- Born: Richard Stockton Kindleberger June 17, 1942 Baltimore, Maryland, US
- Died: January 1, 2010 (aged 67) Cambridge, Massachusetts, US
- Occupations: reporter and editor
- Years active: 1967–2010
- Spouse: Sarah Wells (1978–1990; her death) 2 children

= Richard Kindleberger =

Richard Kindleberger (June 17, 1942 – January 1, 2010) was an American newspaper reporter and editor who worked at The Boston Globe.

==Early life==
Richard Kindleberger was born in Baltimore, Maryland, in 1942, and raised in Lincoln, Massachusetts. He had two sisters and one brother. His father, Charles P. Kindleberger, was an economist at M.I.T. and an architect of the Marshall Plan. In 1960, Richard graduated from Lincoln-Sudbury Regional High School. He developed an interest for languages and learned Russian, French, German, and Spanish.

After graduating from Cornell University in 1967, he worked as a reporter at the Worcester Evening Gazette for almost 3 years. Kindleberger later received a master's degree in Russian literature.

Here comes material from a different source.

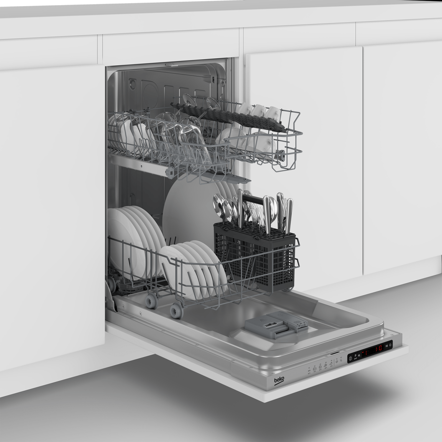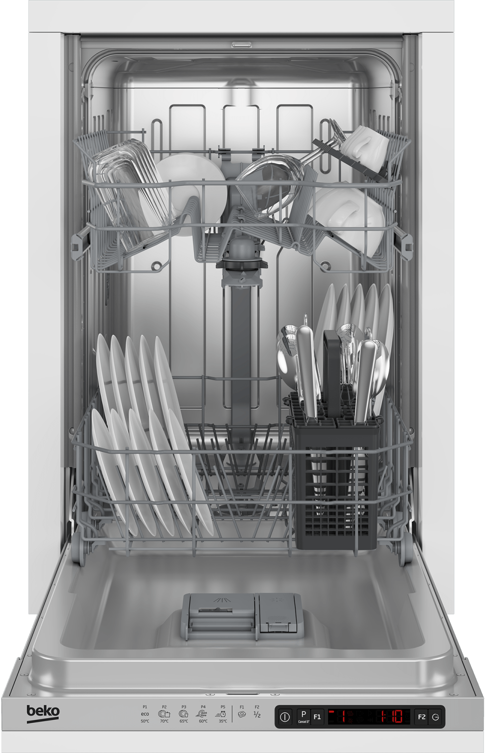 Ugradna mašina za sudove Beko DIS 35023 E je kompaktna mašina širine 45 cm, namenjena za pranje do 10 kompleta posuđa. Ova mašina pruža dodatnu sigurnost zahvaljujući Aquastop funkciji koja sprečava poplave i neželjeno curenje vode, čak i kada niste kod kuće.

Kindleberger was hired by The Boston Globe, where he began working as an environmental reporter and a copy editor beginning in 1972. He joined a spotlight team and helped investigate reports on abuse in the Massachusetts civil service system and the Portsmouth Naval Shipyard.

==Personal life==
On 1978, Kindleberger married Sarah Wells and later had two daughters named Kate and Carrie Kindleberger. The couple were married for more than 12 years until Sarah died from cancer. After three years he married his second wife, Jean Hale.

==Death==
After spending at least thirty years as a reporter and editor, Kindleberger died from a brain tumor on January 1, 2010, at his home in Cambridge, Massachusetts, at the age of 67.